*** Block opens ***

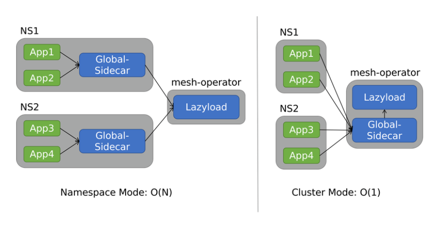 懒加载模块有两种使用模式,Namespace 模式和 Cluster 模式。两种模式中,Lazyload Controller 都是全局唯一的,不同点在于前者的 Global-sidecar 是 Namespace 级别,后者是 Cluster 级别。如下图所示
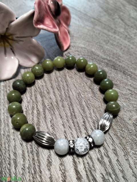 Női Ásványkarkötő - Roppantott hegyikristály + Fehér holdkő + Jáde
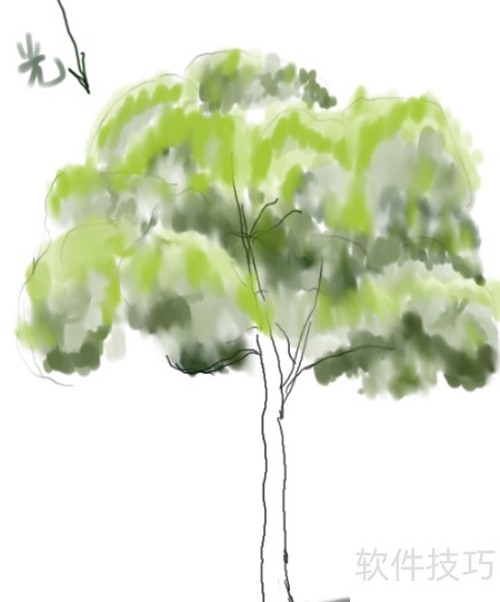 5、 选用最亮色作为画笔,用涂抹工具均匀上色,提亮树叶丛的高光部分,同时对阴影区域进行细致涂抹。

*** Block closes ***

DIRECTIONS
With pictures excluded, the data must be transcribed in full and to the letter.

THE ANSWER
 懒加载模块有两种使用模式,Namespace 模式和 Cluster 模式。两种模式中,Lazyload Controller 都是全局唯一的,不同点在于前者的 Global-sidecar 是 Namespace 级别,后者是 Cluster 级别。如下图所示
 Női Ásványkarkötő - Roppantott hegyikristály + Fehér holdkő + Jáde
 5、 选用最亮色作为画笔,用涂抹工具均匀上色,提亮树叶丛的高光部分,同时对阴影区域进行细致涂抹。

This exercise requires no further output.